June 28, 2016

How do I create a classroom library checkout system?

tech questions

Dear Otto is an occasional column where I answer questions I get from readers about teaching tech. If you have a question, please contact me at askatechteacher at gmail dot com and I’ll answer it here. 

I got this question from a colleague:

I am looking for an app that classroom teachers can use to scan a classroom library and allow teachers to check books out with students.  Any suggestions on one or your colleagues may have liked?  Thanks for your help!

I chatted with colleagues and got a few common answers:
  • Classroom Organizer–a free app that works with a desktop application; lets you scan in books, manage them, and check them out (through the app)
  • Classroom Checkout–a fee-based app that catalogues books, manages student checkouts, and keeps track of books.

Another interesting approach that one friend uses is through Google Forms and an add-on called Checkitout: You enter all the books yourself (rather than scan a barcode and have the information populate) into a Google spreadsheet tied to a Google Checkout Form.

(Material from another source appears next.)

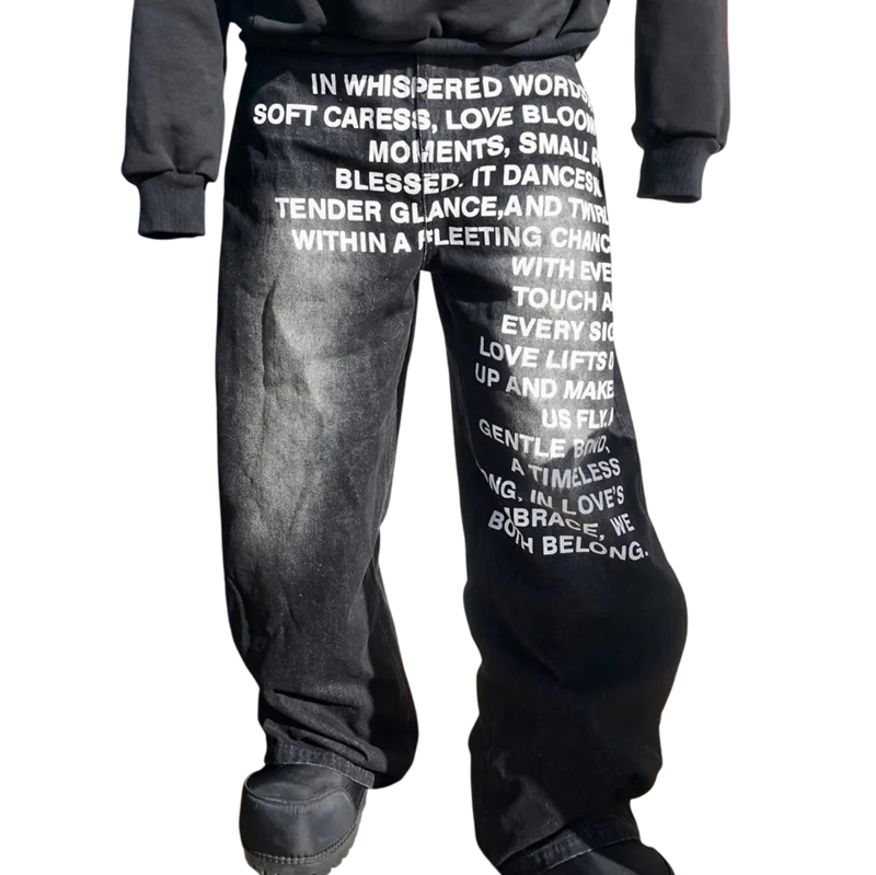 Jeans bărbați uni cu inscripții, cu buzunare, talie joasă, largi, croi confortabil pentru purtare zilnică

Students would fill the Google Form out with relevant information and that would automatically populate on the spreadsheet you created. You can sort the spreadsheet by book rather than date to see which books are checked out to whom. Richard Byrne does a nice summary of how it works here.

A final option: QR Codes. I didn’t find anyone in my PLN using this approach, but it sounds pretty good. Here’s an article on it.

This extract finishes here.